**INPUT DATA**
↓

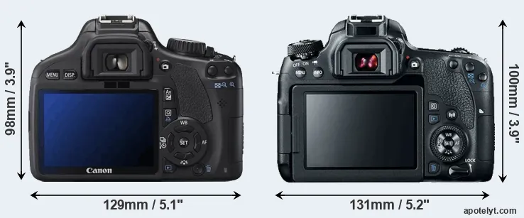 | 5. | Canon 600D | 133 mm | 100 mm | 80 mm | 570 g | 440 | n | Feb 2011 | EUR 549 | ebay.com | |
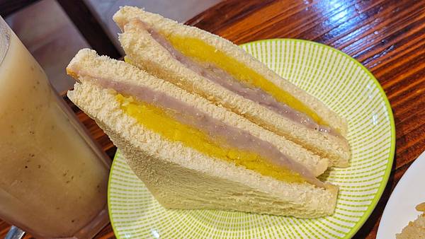 芋泥地瓜土司~這餐點友人很喜歡,看看裡面竟然有芋泥與地瓜二種內餡,友人形容,一口咬下去味蕾裡有著滿滿的芋頭香、還吃的到整塊芋頭,伴隨而來地瓜甜而不膩口感,太特別了。
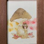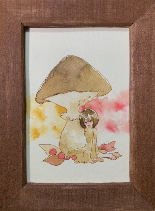 ハナイグチと秋 #イラスト #illustration #Original #創作 #オリジナル #女の子イラスト #きのこ #アナログ絵 #インク #水彩画 #水彩イラスト #ink

↑

Return every line above word for word, minus images.

**ANSWER FOR THIS EXERCISE**
 | 5. | Canon 600D | 133 mm | 100 mm | 80 mm | 570 g | 440 | n | Feb 2011 | EUR 549 | ebay.com | |
 芋泥地瓜土司~這餐點友人很喜歡,看看裡面竟然有芋泥與地瓜二種內餡,友人形容,一口咬下去味蕾裡有著滿滿的芋頭香、還吃的到整塊芋頭,伴隨而來地瓜甜而不膩口感,太特別了。
 ハナイグチと秋 #イラスト #illustration #Original #創作 #オリジナル #女の子イラスト #きのこ #アナログ絵 #インク #水彩画 #水彩イラスト #ink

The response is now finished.